What this means in practice is that during the relevant period, directors are not hampered by the wrongful trading regime whilst focussing their efforts on mitigating the effects of Covid-19 on the business. If a business can’t be saved, it also means that, at least in relation to companies that go into insolvency shortly after the end of the relevant period, wrongful trading claims are unlikely to succeed unless it can be shown that the directors should have taken relevant steps before the start of the relevant period. 

Whilst this suspension has been welcomed by the business community, the Government’s announcement also made it clear that all other ‘checks and balances’ on directors would remain in place.

Notably, directors will still be required to comply with their wider fiduciary duties and their duties under the Companies Act 2006. As a result, directors still need to proceed with particular caution when taking on additional debt or providing assurances to lenders and should consider and document creditor payments and asset disposals.
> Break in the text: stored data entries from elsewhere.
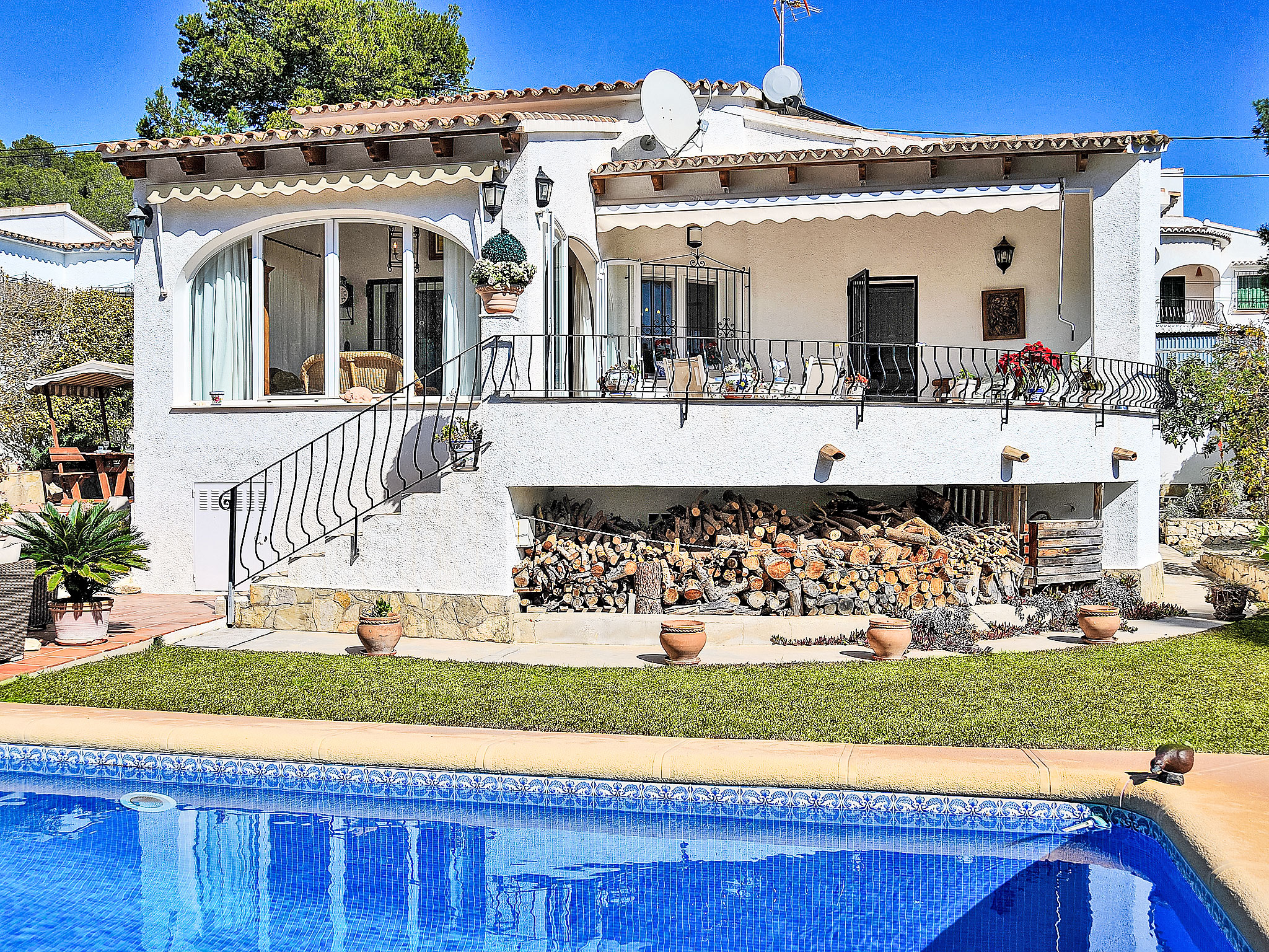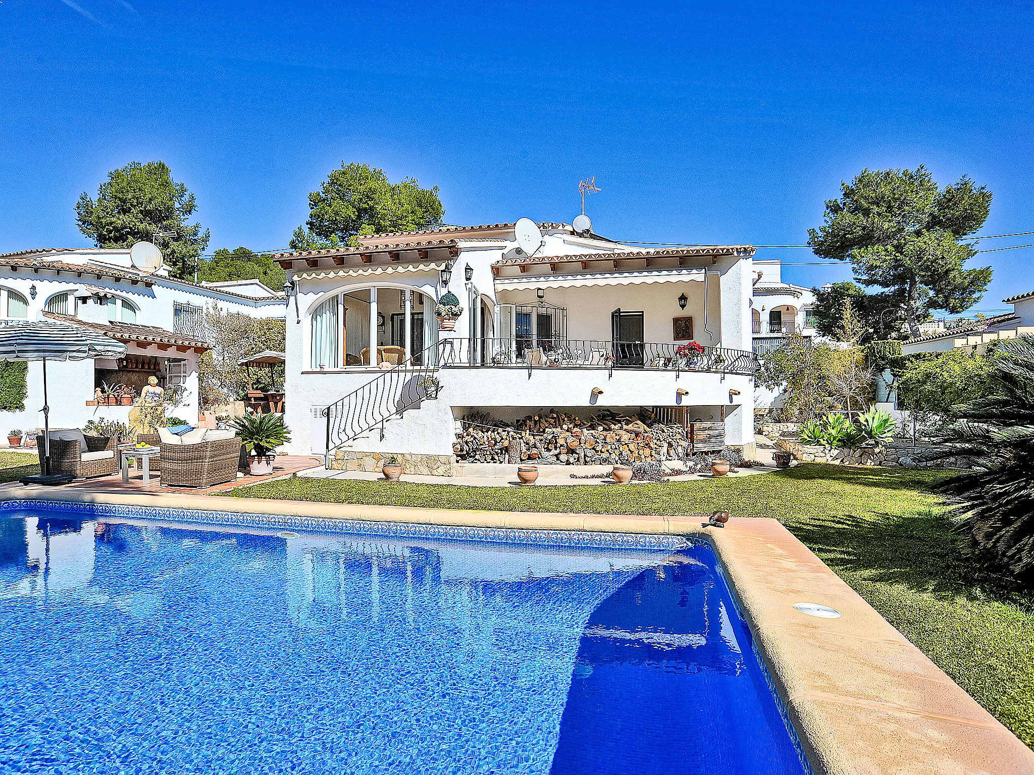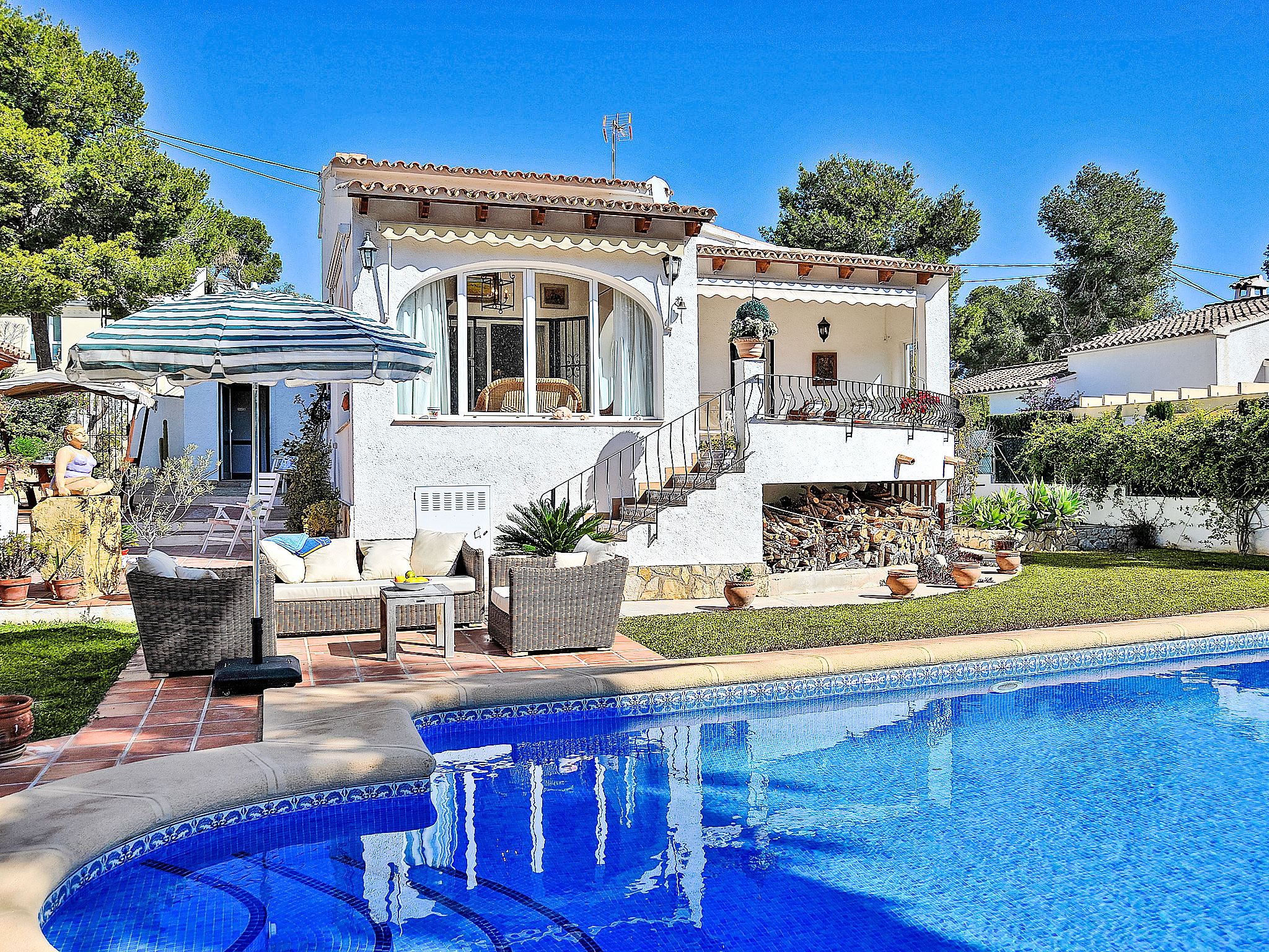 Pinar de l'Advocat: Schönes Haus "El sueno de Jeanne-Marie". 1 km vom Zentrum von Moraira, 1 km vom Meer, 1 km vom Strand. Zur Alleinbenutzung: schöner, gepflegter Garten (eingezäunt) mit Rasen, Schwimmbad eckig (4 x 8 m, 01.01.-31.12.) mit Innentreppe. Terrasse, Grill. Im Hause: Zentralheizung, Klimaanlage. Wohnungsreinigung 1 mal wöchentlich. Parkplatz auf dem Grundstück. Einkaufsgeschäft 1 km, Supermarkt 1 km, Restaurant 50 m, Bar 1 km, Sandstrand 1 km. Golfplatz 5 km. Bitte beachten: geeignet für Familien, geeignet für Senioren.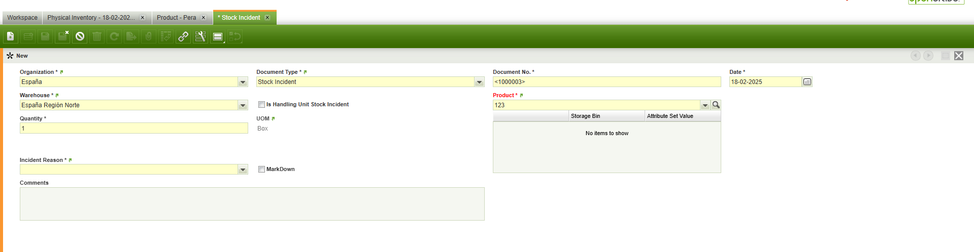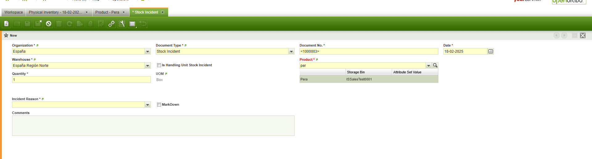 On BackOffice go to physical inventory window and create an inventory for store 'España', Warehouse 'España Región Norte', product 'Pera', and bin 'ISSalesTest0001'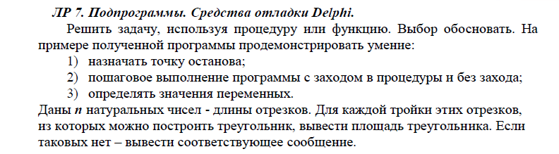 Лабораторная работа 7: Отчет по лабораторной работе №7 "Подпрограммы. Средства отладки Delphi" (вариант №18) вариант 18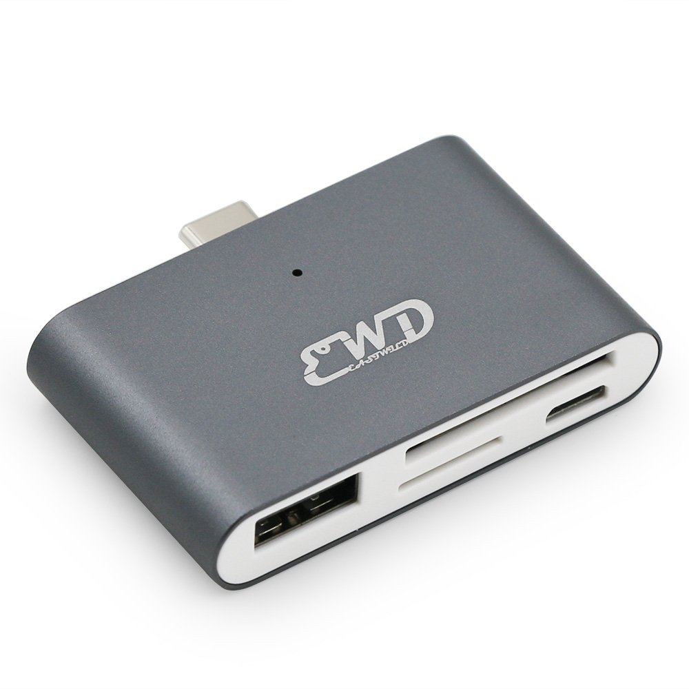 Adattatore USB C con lettore SD, porta USB e ingresso microUSB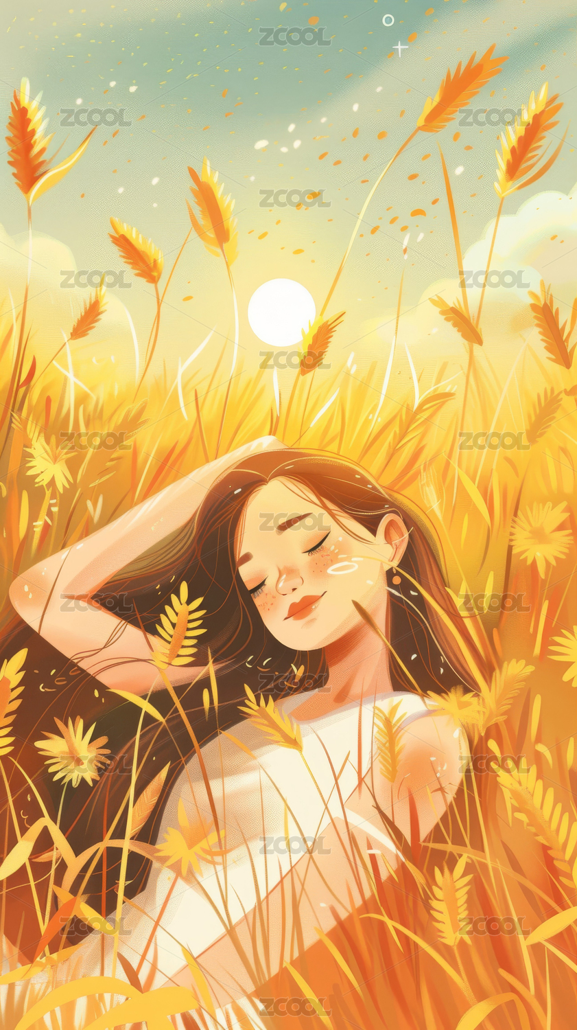 躺在金色麦田里的女孩插画背景

It also remains to be seen whether the secretary of state will use their powers to extend the suspension beyond the end of September. Whilst aspects of the lockdown are gradually being lifted in the UK and elsewhere, consumer behaviour will continue to be affected and many retailers, and their boards, are likely to face challenges extending beyond the relevant period.

What action should you consider?


1. If there are solvency concerns, a company’s position immediately before the beginning of the “relevant period” and at the end of it are going to be important in relation to any potential wrongful trading liability. Directors and their advisers should consider both timeframes carefully.

2. Whilst the suspension of the regime gives some comfort, don’t be lulled into a false sense of security! Directors are still subject to their other continuing duties and should take professional advice urgently on any solvency concerns. 

3. Look out for further announcements. It remains to be seen whether the Government will extend this suspension beyond the end of September.